X, Y = create_1d_data()
plt.scatter(X, Y)
plt.show()

Explain why the graph does not exactly represent 2X+1

*Writen answer:*



---
### Part 2: Models for Data (15 points)

A model is a function that takes an input $x$ and produces a prediction $\hat{y}$.

Let's consider two possible models for this data:
1. $M_1(x) = x+5$ 
2. $M_2(x) = 2x+1$

Compute the predictions of models $M_1$ and $M_2$ for the values in $X$. These predictions should be vectors of the same shape as $Y$. Then plot the prediction lines of these two models overlayed on the "observed" data $(X, Y)$. Use [plt.plot()](https://matplotlib.org/api/_as_gen/matplotlib.pyplot.plot.html) to draw the lines. Note: you will generate only one plot. Make sure to include axes, titles and legend. 

In [None]:
# YOUR CODE HERE



In [None]:
plt.scatter(X, Y)

plt.plot(M1, color = 'r')
plt.plot(M2, color = 'g')

plt.legend(["X Observed Data", "M1 Model Preds", "M2 Model Preds"], loc="lower right")
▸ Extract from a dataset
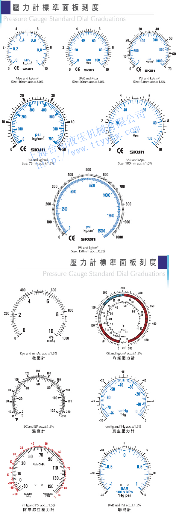 臺灣協(xié)鋼SKON壓力表標準面板刻度

font1 = {'family':'serif','color':'blue','size':20}
font2 = {'family':'serif','color':'darkred','size':15}

plt.title("Comparison of M1 and M2 Models", fontdict = font1)
plt.xlabel("X Input Values", fontdict = font2)
plt.ylabel("Y Output Values", fontdict = font2)

plt.show()

Explain which model looks to be performing better. How do you know?

*Writen answer:*



---
### Part 3: EDA with Pandas (70 points)

Import sklearn and pandas and read the iris dataset into a pandas dataframe: https://scikit-learn.org/stable/modules/generated/sklearn.datasets.load_iris.html

In [None]:
# YOUR CODE HERE


What is the iris dataset? What are we trying to predict? What type of machine learning problem is this?

*Writen answer:*



Explore the data, perform EDA (Exploratory Data Analysis) on the iris dataset. Print the distribution of each feature (variable). Is there any missing data? Print the label classes, counts, and percentages of our target variable. Note any interesting findings. What are your thoughts on how we might measure success on this problem (i.e. a model that predicts the target labels)?

In [None]:
# YOUR CODE HERE


*Writen answer:*



In [None]:
# YOUR CODE HERE


---

## Review

* In **Supervised Machine Learning**, we must start with data in the form $(X,Y)$ where $X$ are the inputs and $Y$ are the output labels.
* A **model** is a function that maps an input $x$ to an output $y$. The model's output is referred to as a **prediction**, denoted by $\hat{y}$.